With the continuous advancement of medical technology, cancer vaccines, which employ tumor antigen-specific cellular immune responses to target and eliminate tumor cells, have progressively emerged as a new research hotspot in tumor therapy. Cancer vaccines include vaccines targeting DNA or mRNA, virus-like particle vaccines, and peptide vaccines.

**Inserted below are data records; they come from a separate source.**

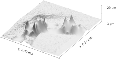 Figure 6Surface scanning, using an optical profilometer, of a replica of salt crystal created by using brush technique. The image reveals incomplete or distorted surface details due to limitations of the brush technique, which failed to capture fine structural features accurately. This led to the refinement of the replication method.
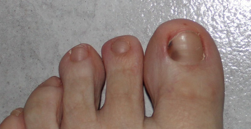 Если ногти на больших пальцах ног потемнели по этой причине, пятно обычно постепенно меняет цвет, форму и локализацию, как обычный синяк под кожей. Такие гематомы могут принести не только боль и неудобство, но при неблагоприятном исходе стать причиной воспаления и потери ногтя.
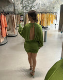 Vestido curto em malha, manga longa, blusado, franzido na cintura, decote em V atrás com amarração;
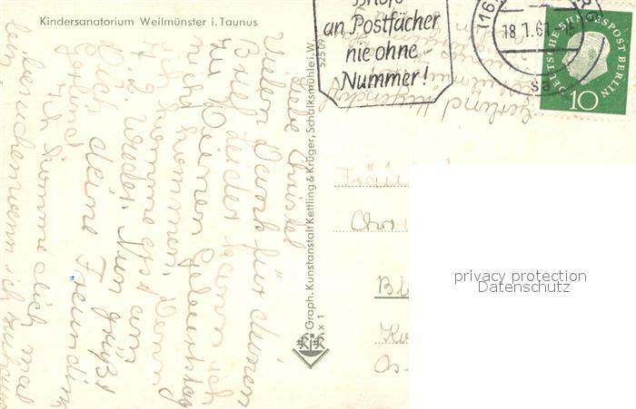 72978104 alte Postkarte Weilmuenster Kindersanatorium Kurheim Haus Berlin im Taunus postalisch gelaufen Erhaltung siehe scans [FriedD77] KatCode: 11110006533018
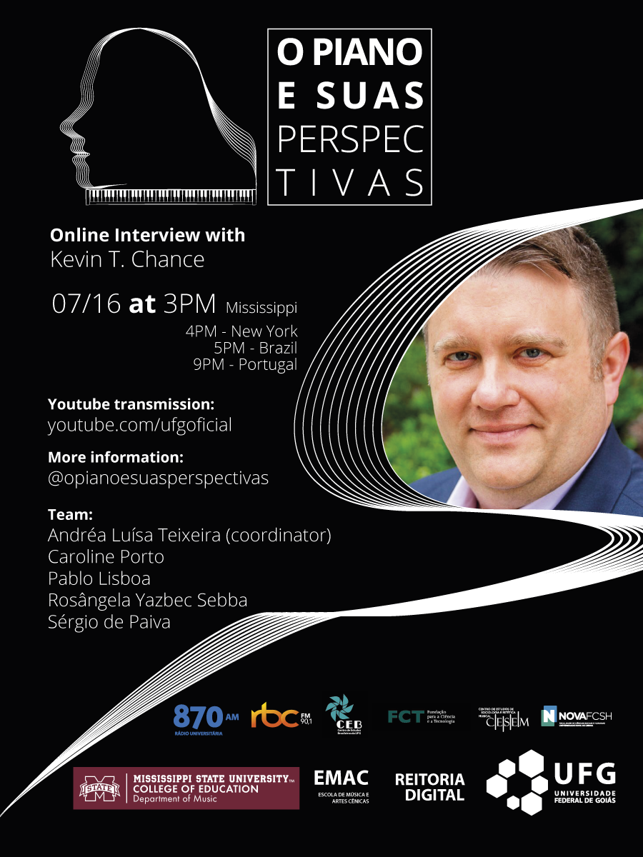O Piano e suas perspectivas: Kevin T. Chance Evento Local: Youtube UFG Oficial Fecha del Evento : 16 Julio 2021 a las 14:20 TweetWhatsApp Todas las páginas Volver
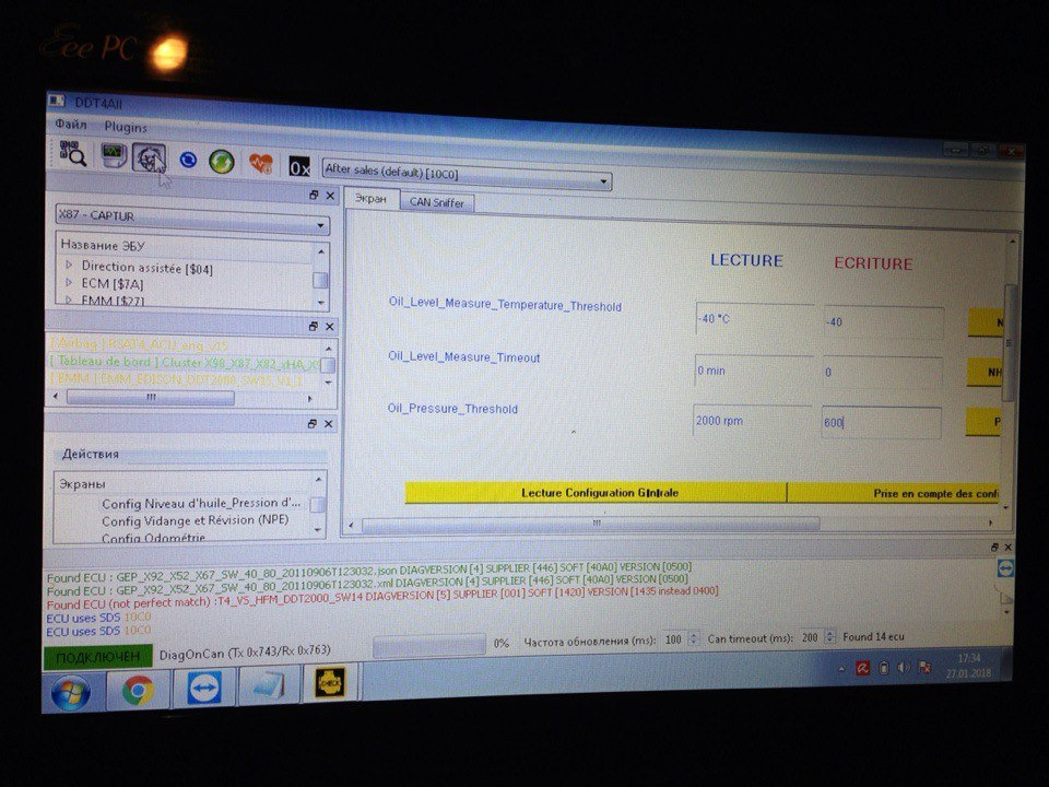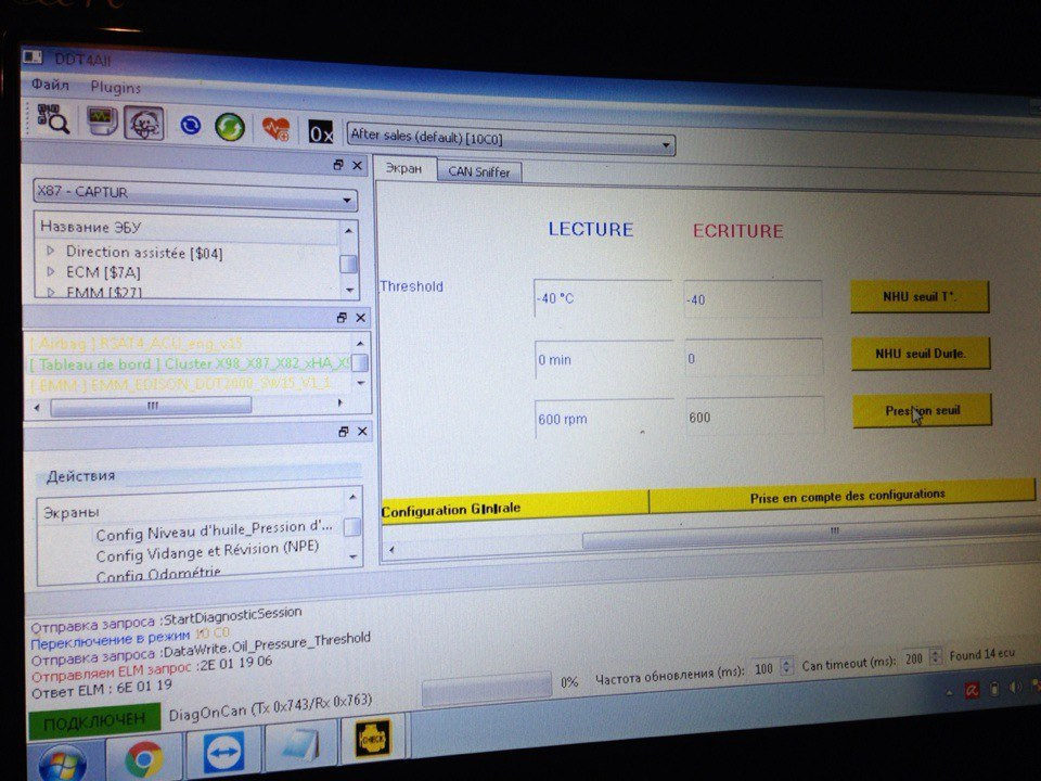 — снизить обороты с 2000 до 600 на включение датчика давления масла (т.к. Renaul Kaptur с двигателем 1.6, который может поджирать масло, поэтому лучше, чтобы датчик зажегся при запуске двигателя, а никогда поедешь и обороты перевалят за 2000 :)

These different types of cancer vaccines offer new hope for the treatment of gastrointestinal tumors.102,103

GNOS-PV02 is a personalized neo-antigenic DNA vaccine that encodes up to 40 patient-specific neoantigens, designed for patients with advanced HCC. In a phase I/II clinical trial,104 the GNOS-PV02 vaccine, in combination with pembrolizumab, demonstrated favorable efficacy in patients with advanced HCC. Of the 36 patients evaluated, eight patients experienced substantial tumor shrinkage, while three patients experienced complete tumor disappearance, yielding an ORR of 30.6%, which is double the historical ORR for anti-PD-1 monotherapy in HCC.23,105 In addition, 20 out of 36 patients had effective disease control, with a disease control rate of 55.6%, and experienced only low-grade side effects. The results from this study suggest that the development of a personalized therapeutic cancer vaccine (PTCV) is feasible and can be combined with anti-PD-1 therapy to induce clinical responses in patients with advanced HCC.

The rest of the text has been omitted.